# Brief
Reproduce only this stretch of the listing below: from the line with "TUBI สายรัดแมว 1" through the line with "17日(火)に2,3年生で美", exactly as written, with pictures excluded.
[Records for the task — start]
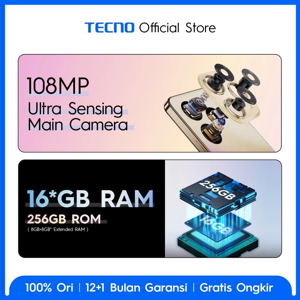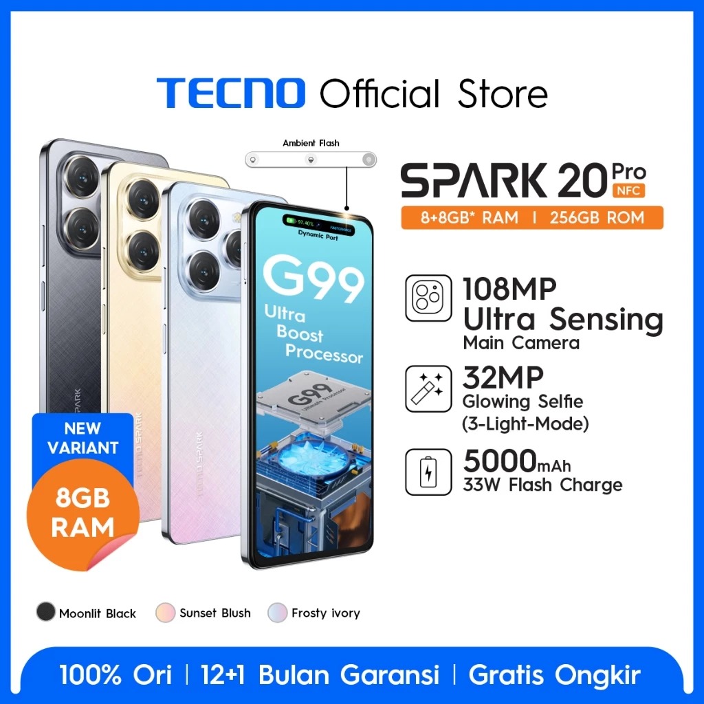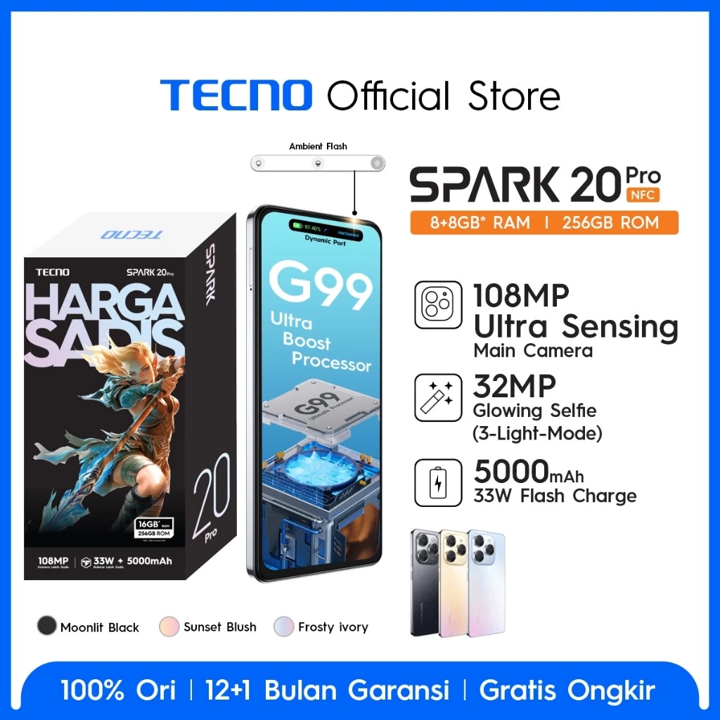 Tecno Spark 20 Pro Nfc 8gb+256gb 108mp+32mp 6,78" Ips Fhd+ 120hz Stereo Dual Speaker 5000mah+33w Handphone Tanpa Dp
[Records for the task — finish]
[Records for the task — start]
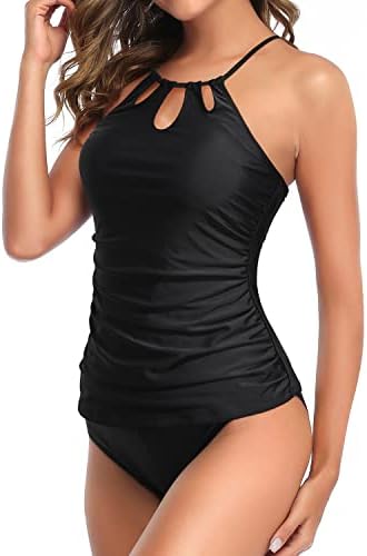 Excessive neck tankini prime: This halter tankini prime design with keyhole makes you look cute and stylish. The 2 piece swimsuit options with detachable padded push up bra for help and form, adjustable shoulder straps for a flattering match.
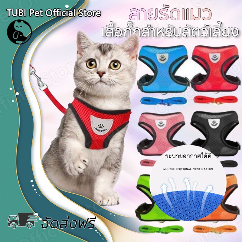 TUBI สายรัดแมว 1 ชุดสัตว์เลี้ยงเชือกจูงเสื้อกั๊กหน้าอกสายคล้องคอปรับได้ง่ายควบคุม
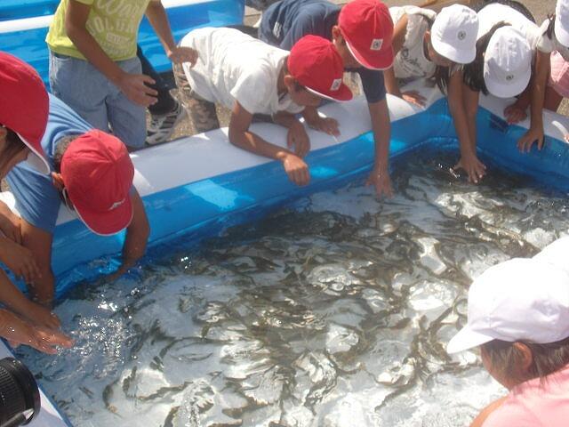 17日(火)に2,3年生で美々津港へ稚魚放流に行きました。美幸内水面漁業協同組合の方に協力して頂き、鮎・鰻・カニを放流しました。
[Records for the task — finish]
[Records for the task — start]
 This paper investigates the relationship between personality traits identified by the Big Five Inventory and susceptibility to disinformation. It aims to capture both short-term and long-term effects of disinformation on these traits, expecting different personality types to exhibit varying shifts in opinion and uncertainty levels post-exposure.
[Records for the task — finish]
# Answer
 TUBI สายรัดแมว 1 ชุดสัตว์เลี้ยงเชือกจูงเสื้อกั๊กหน้าอกสายคล้องคอปรับได้ง่ายควบคุม
 17日(火)に2,3年生で美々津港へ稚魚放流に行きました。美幸内水面漁業協同組合の方に協力して頂き、鮎・鰻・カニを放流しました。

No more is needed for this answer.